Scroll down in the list and click for "all" of them.:an4::an2:


----------



## BBQMTRS (Aug 9, 2006)

Thanks I'll try it.


----------



## Playing Hooky (Jun 14, 2006)

On the same topic as BBQMstrs (great looking grill by the way), I have had a heck of a time and no success trying to download a custom graphic for my "avatar" and keep getting told the file is too large. However it is far less complicated than some of the anitmated and others I have seen. By the way, it is saved as a PDF file. Any ideas on this topic? Thanks, Matt


----------



## Charles Helm (Oct 22, 2004)

Playing Hooky said:


> On the same topic as BBQMstrs (great looking grill by the way), I have had a heck of a time and no success trying to download a custom graphic for my "avatar" and keep getting told the file is too large. However it is far less complicated than some of the anitmated and others I have seen. By the way, it is saved as a PDF file. Any ideas on this topic? Thanks, Matt


 Can you convert it to JPEG or GIF? Also, what are the pixel dimensions, not the file size? It may be physically too large.


----------



## Playing Hooky (Jun 14, 2006)

The image is also stored as a JPG on my computer. The propertes shows the size as 2883x972 pixels. 
Thanks for taking the time to possibly help!


----------



## Charles Helm (Oct 22, 2004)

Playing Hooky said:


> The image is also stored as a JPG on my computer. The propertes shows the size as 2883x972 pixels.
> Thanks for taking the time to possibly help!

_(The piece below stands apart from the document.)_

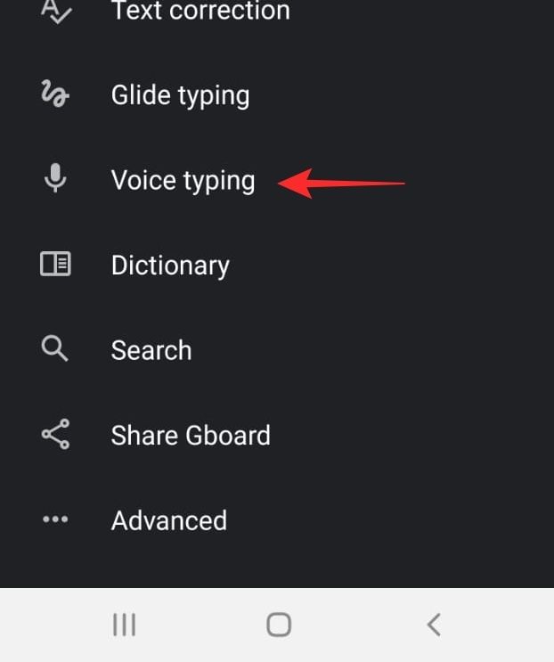 Select Gboard to open the setting for the Gboard app. Go to ‘Voice typing’ and toggle ‘Use voice typing’ on.
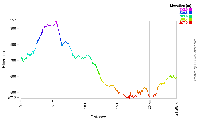 <왼쪽은 길지만 고도가 낮은 구간, 오른쪽은 짧지만 고도가 높은 구간. 오른쪽 산실(SAN XIL) 방향으로 걸었다>

Just for comparison, my avatar here is 55x67 pixels so you might try a much smaller version. I assume for avatar you mean the picture that appears next to your name. You can also embed an image in your signature but I think you need to host it elsewhere.


----------



## Playing Hooky (Jun 14, 2006)

Wow, quite a size difference. Okay then, looks like I need to figure out how to resize, then attempt to load again. Thanks Charles, Matt


----------



## Charles Helm (Oct 22, 2004)

Good luck.


----------